→ **Materials provided**:

# # # # # # #

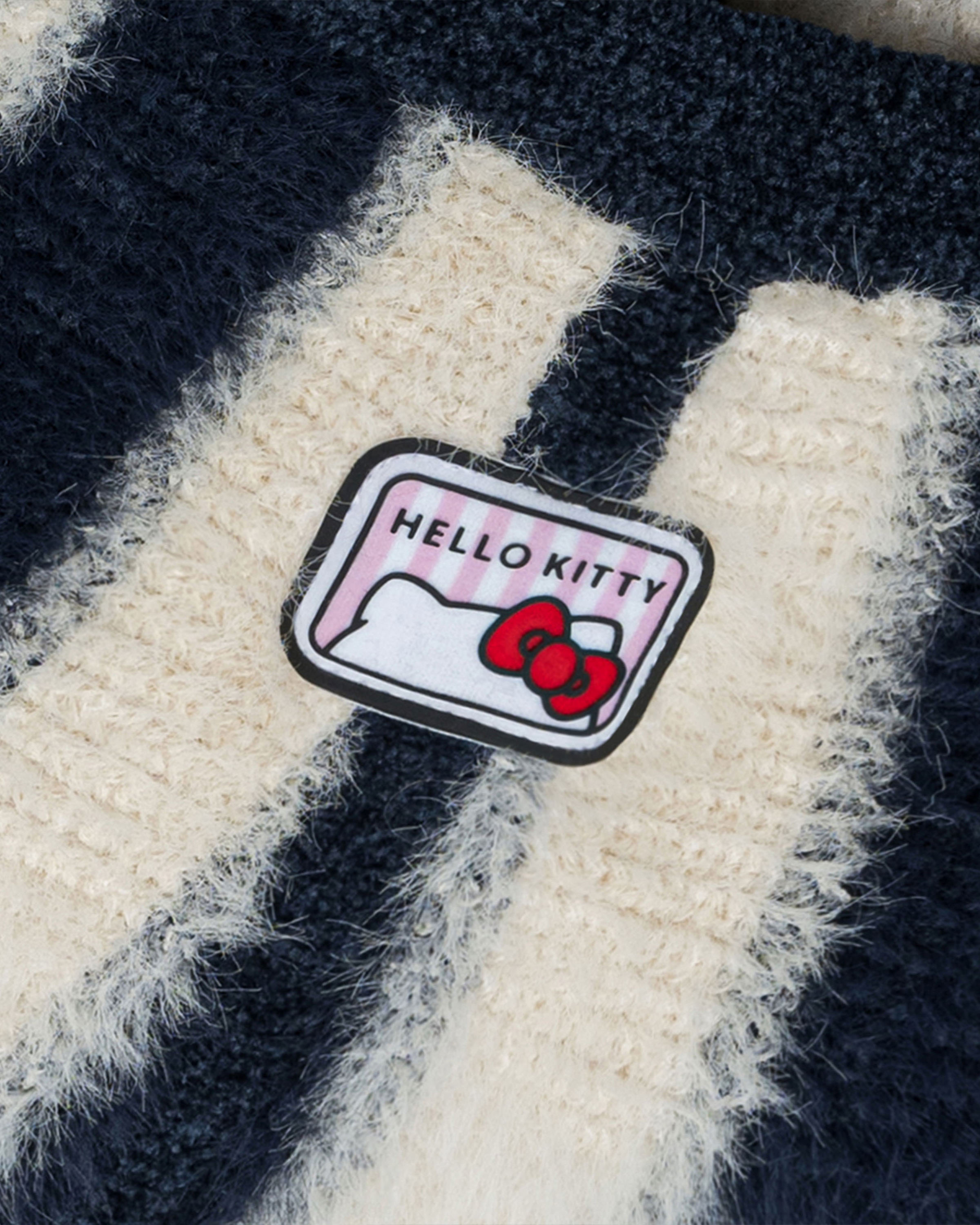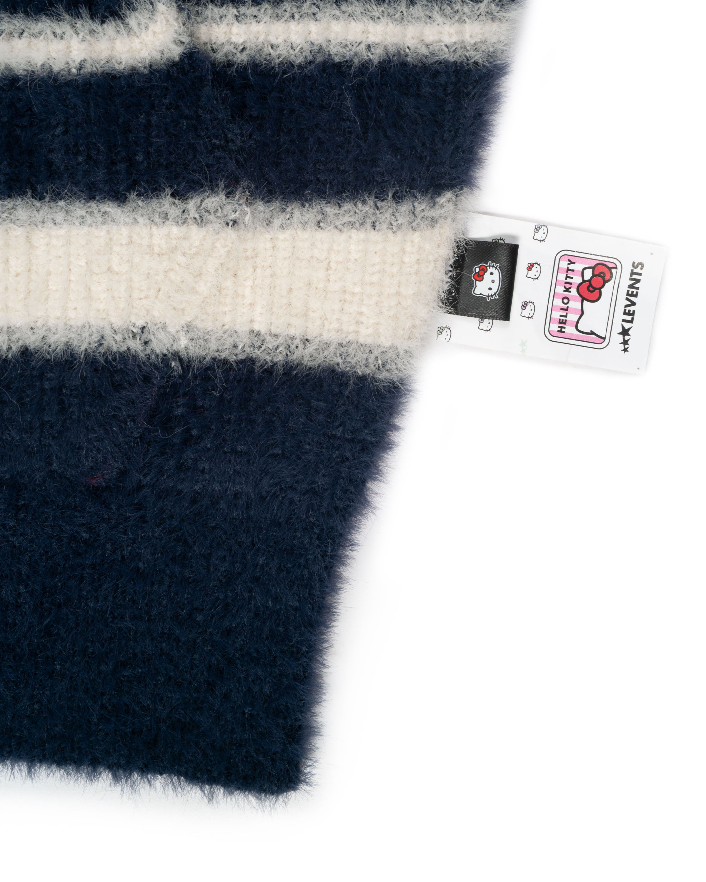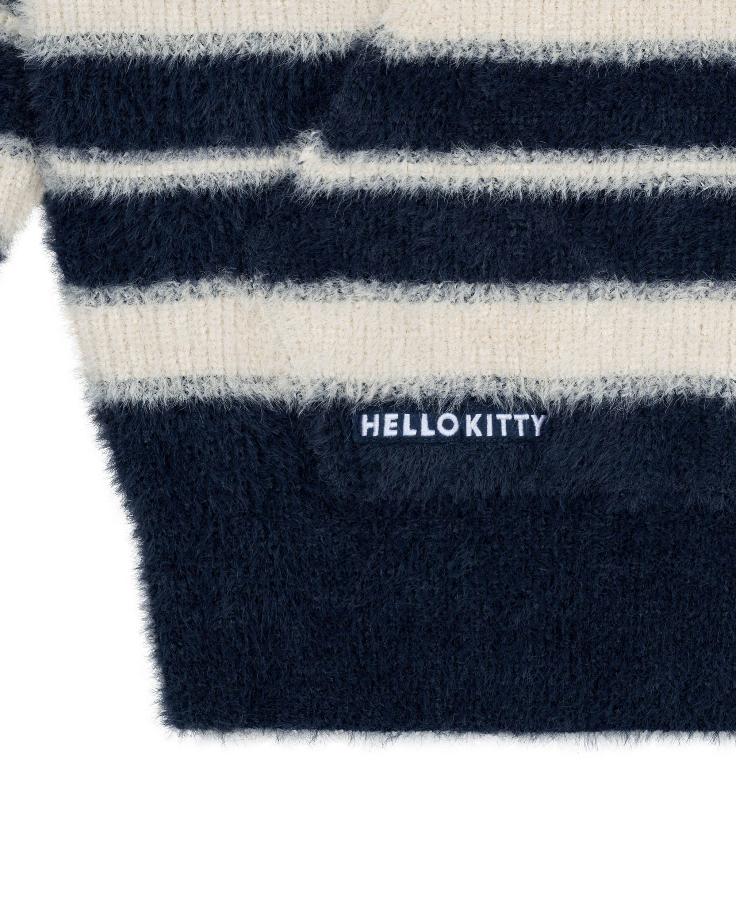 Levents® x Hello Kitty | Striped Fur Knit Boxy Hoodie/ Navy
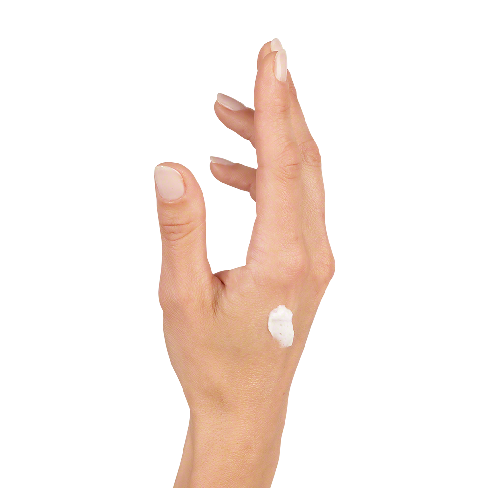 Mornings after a serum, scoop up the foam that has formed on the surface of the cream with the mini applicator brush. Apply 4 dots of the foam to your face and spread with light brushstrokes rather than massaging in with the hands. This application method keeps the cream from overheating in the hands and helps oxygen reach the skin cells.
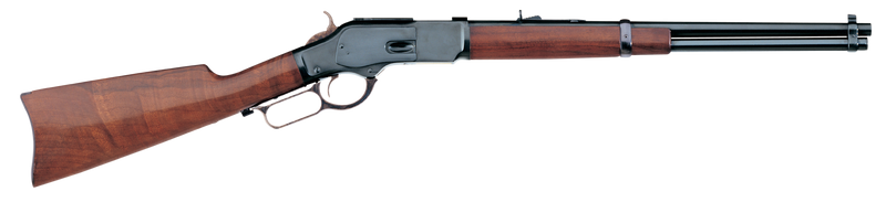 Taylors & Company 1873 Carbine in 357 Magnum features a lever action with a 19" blued round barrel and color case hardened receiver. This full-size carbine holds 10+1 rounds, weighs 7.48 lbs, and includes a walnut stock with traditional blade front and ladder rear sights.
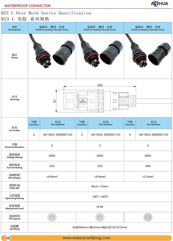 AHUA澳華廠家防水連接器M23直通包膠工業(yè)防水插頭LED接頭
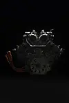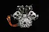 Fire-literen er hva han kaller en «hot V» med de to turboene montert mellom sylinderblokkene. Du finner 180 graders veivaksel, titan i stempelstangen, sentral innsprøytning og lette vippearmer – alt medvirker til et turtall i avansert motorsykkel-område på rundt 10.000.
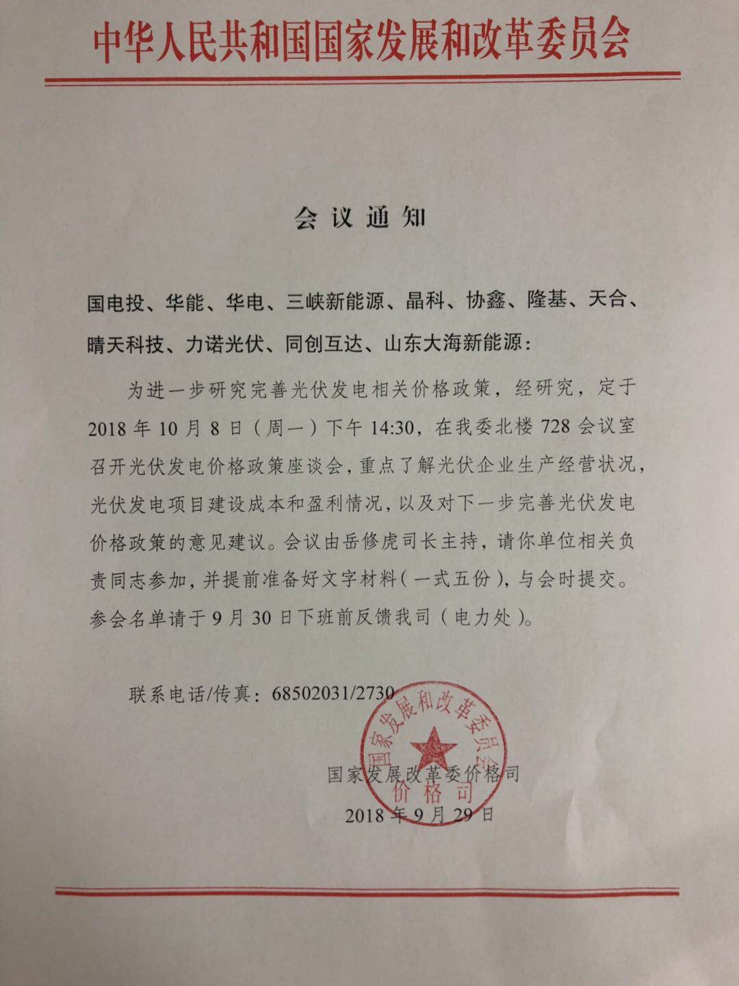 国家发改委价格司9月29日发通知称,将于10月8日下午组织光伏企业召开光伏发电价格政策座谈会,重点了解光伏企业生产经营状况,光伏发电项目建设成本和盈利情况,以及对下一步完善光伏发电价格政策的意见建议。
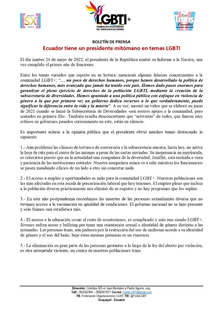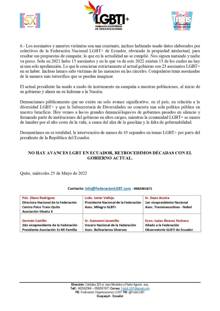 6.- Los asesinatos y muertes violentas son una constante, incluso habiendo usado datos elaborados por colectivos de la Federación Nacional LGBT+ de Ecuador, obviando la propiedad intelectual, para resaltar sus propuestas de campaña; lo que en la actualidad no se cumplió. Nos siguen matando y nadie va preso. Solo en 2021 hubo 15 asesinatos y en lo que va de este 2022 existen 13 de los cuales no hay ni una solo aprehensión. Lo que le concierne estrictamente al actual gobierno son 23 asesinatos LGBT+ en su haber. Incluso hemos sido víctimas de las masacres en las cárceles. Compañeras trans asesinadas de la manera más terrorífica que se puedan imaginar.
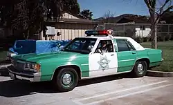 Green-and-white Ford LTD Crown Victoria, in 1991.
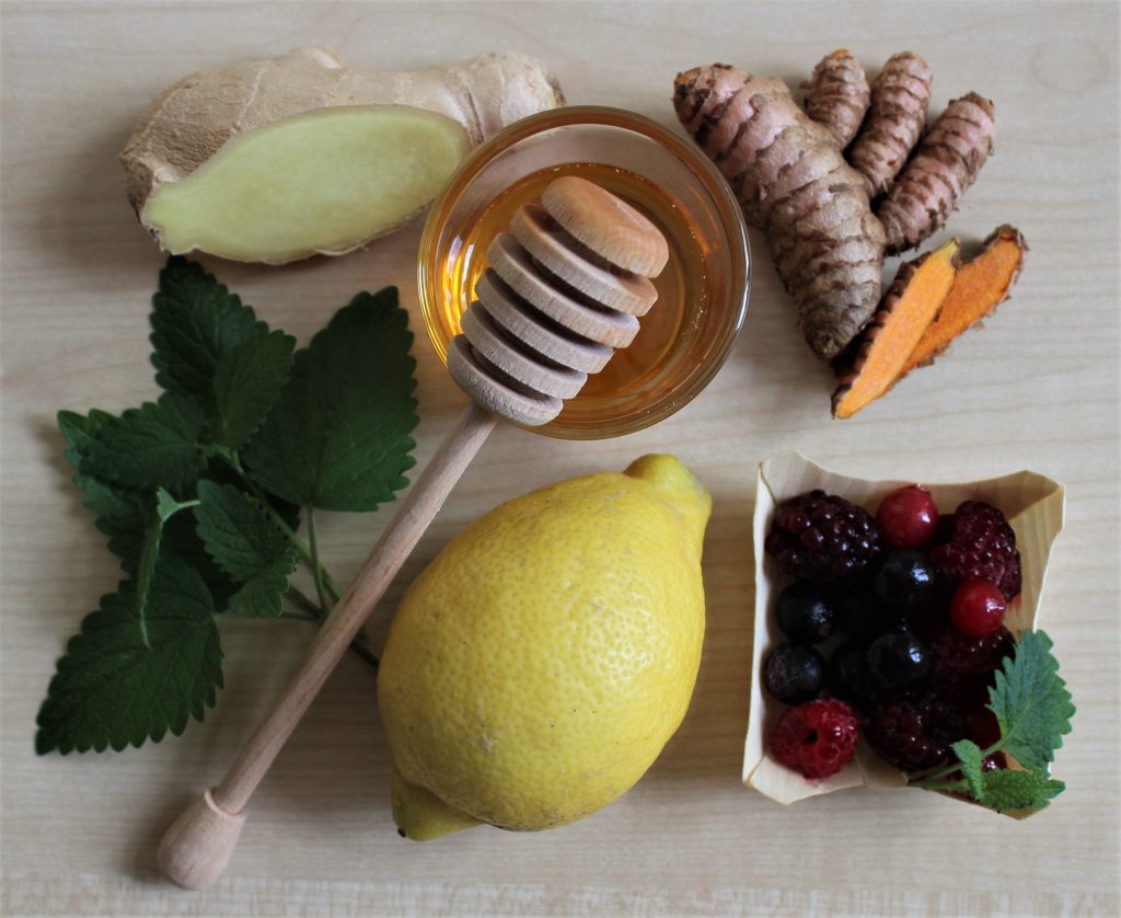Die frische Kurkuma verleiht dem Ingwer-Kurkuma Wunder seine unvergleichliche Farbe. Die Zitronenschale und das darin enthaltene ätherische Öl sorgen für sein unglaubliches Aroma. Die saftigen Beeren und die Zitronenmelisse tragen zum herrlich frischen Geschmack bei.
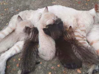 Gata com 6 filhotes abandonados procura lares responsáveis para doação. Mãe magra precisa de cuidados. Encontre alguém que ame gatos.
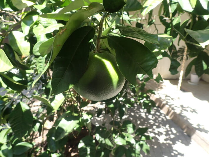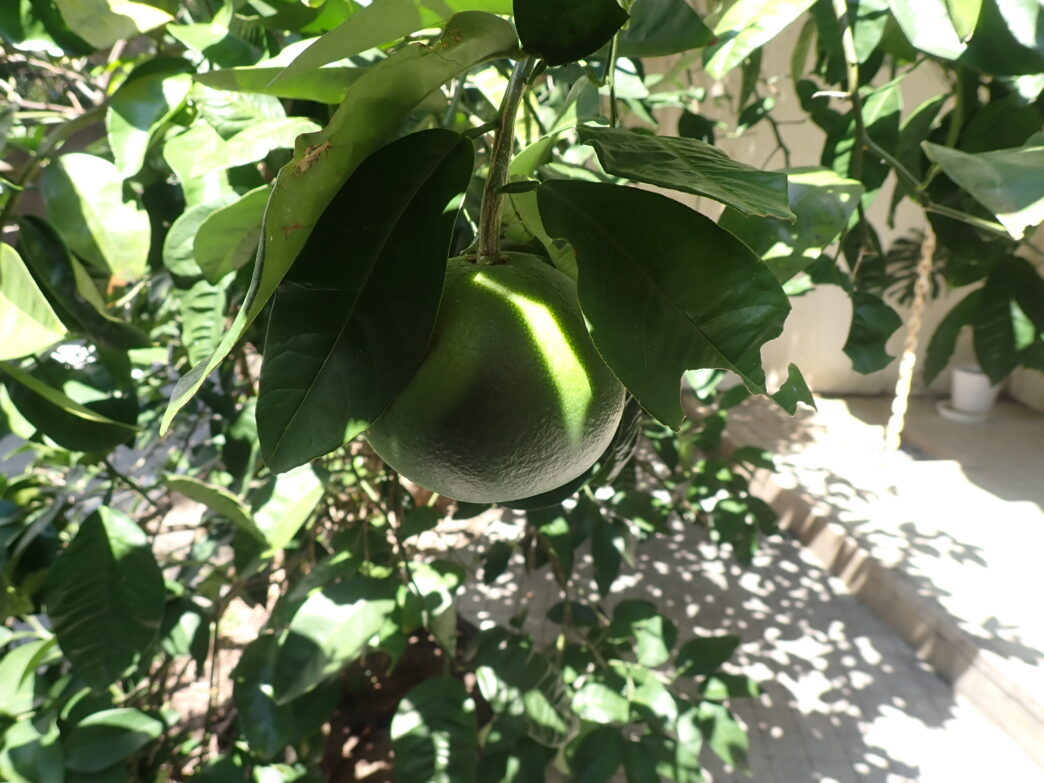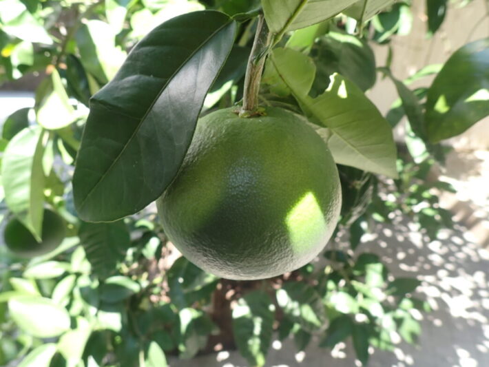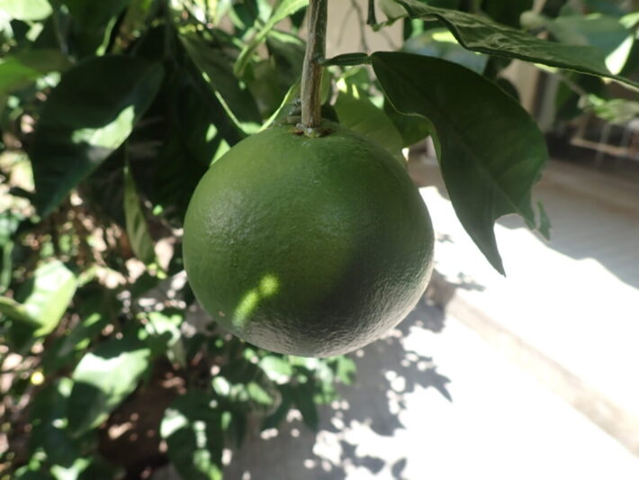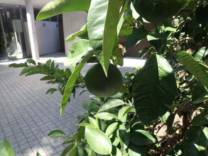 ちょうど葉で隠れていた部分は、若干色味が薄く、まるで日焼けのようですね。今年は本館前には2つしか実っておりませんが、ここから黄色く色づいてくれることでしょう。
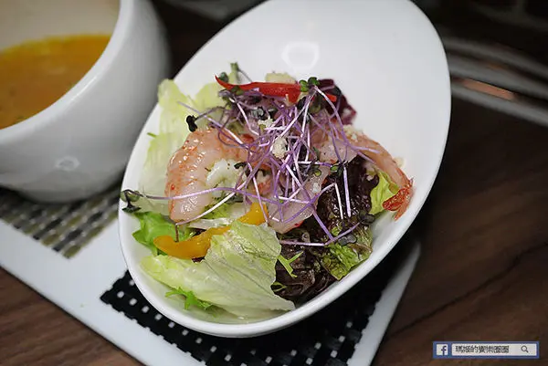 沙拉搭配的醬汁是帶有清爽微酸的巴撒米克醋,融入其中特別對味!
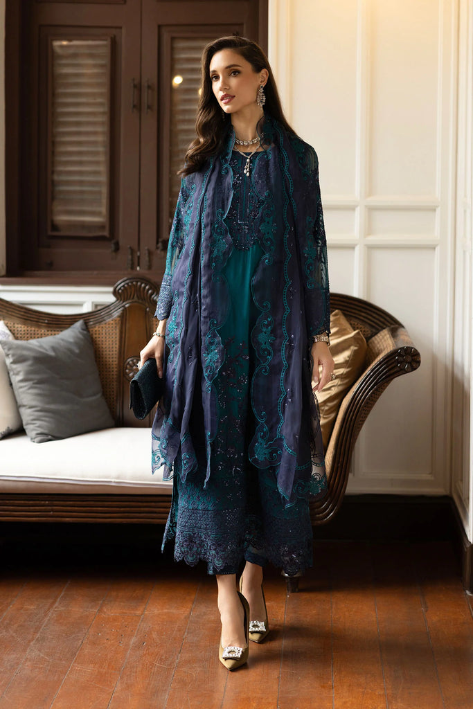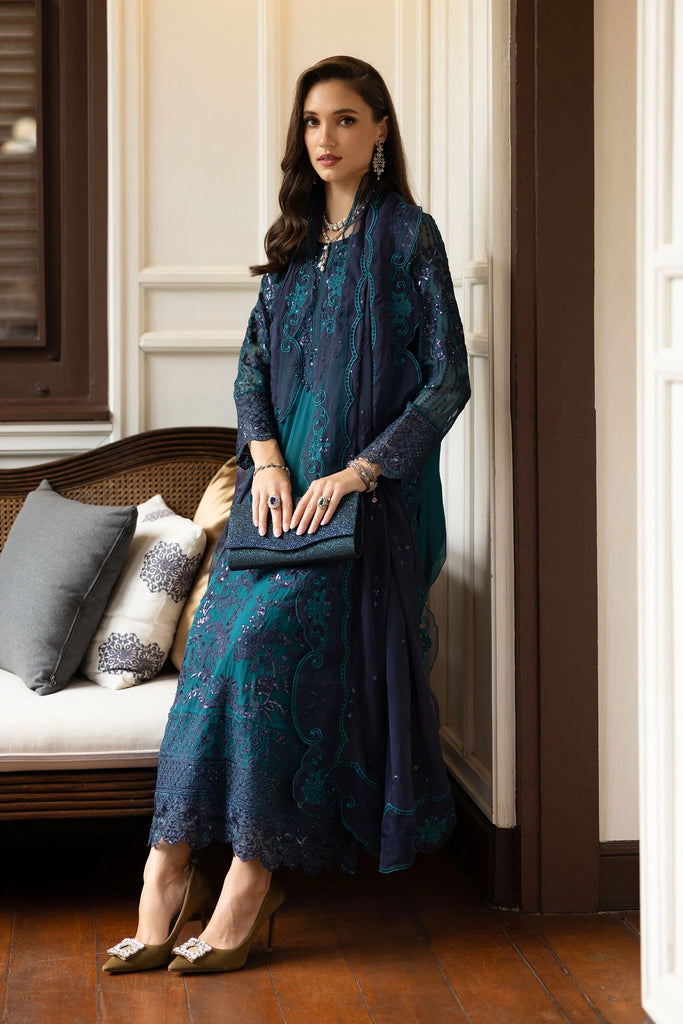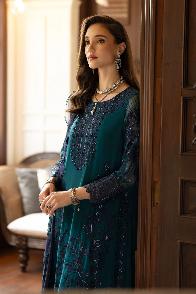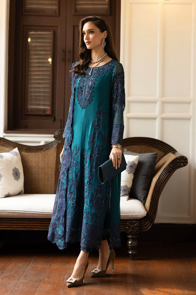 MARIA B - Embroidered Chiffon Suit SF-EF26-14-Teal – Qamaash

# # # # # # #

→ **Assigned task**: What is needed is an exact copy of the lines from the line with "沙拉搭配的醬汁是帶有清爽微酸的巴撒米克醋,融入其中特別對味!" to the end of the data above, both included, without any pictures.

→ **Solution**:
 沙拉搭配的醬汁是帶有清爽微酸的巴撒米克醋,融入其中特別對味!
 MARIA B - Embroidered Chiffon Suit SF-EF26-14-Teal – Qamaash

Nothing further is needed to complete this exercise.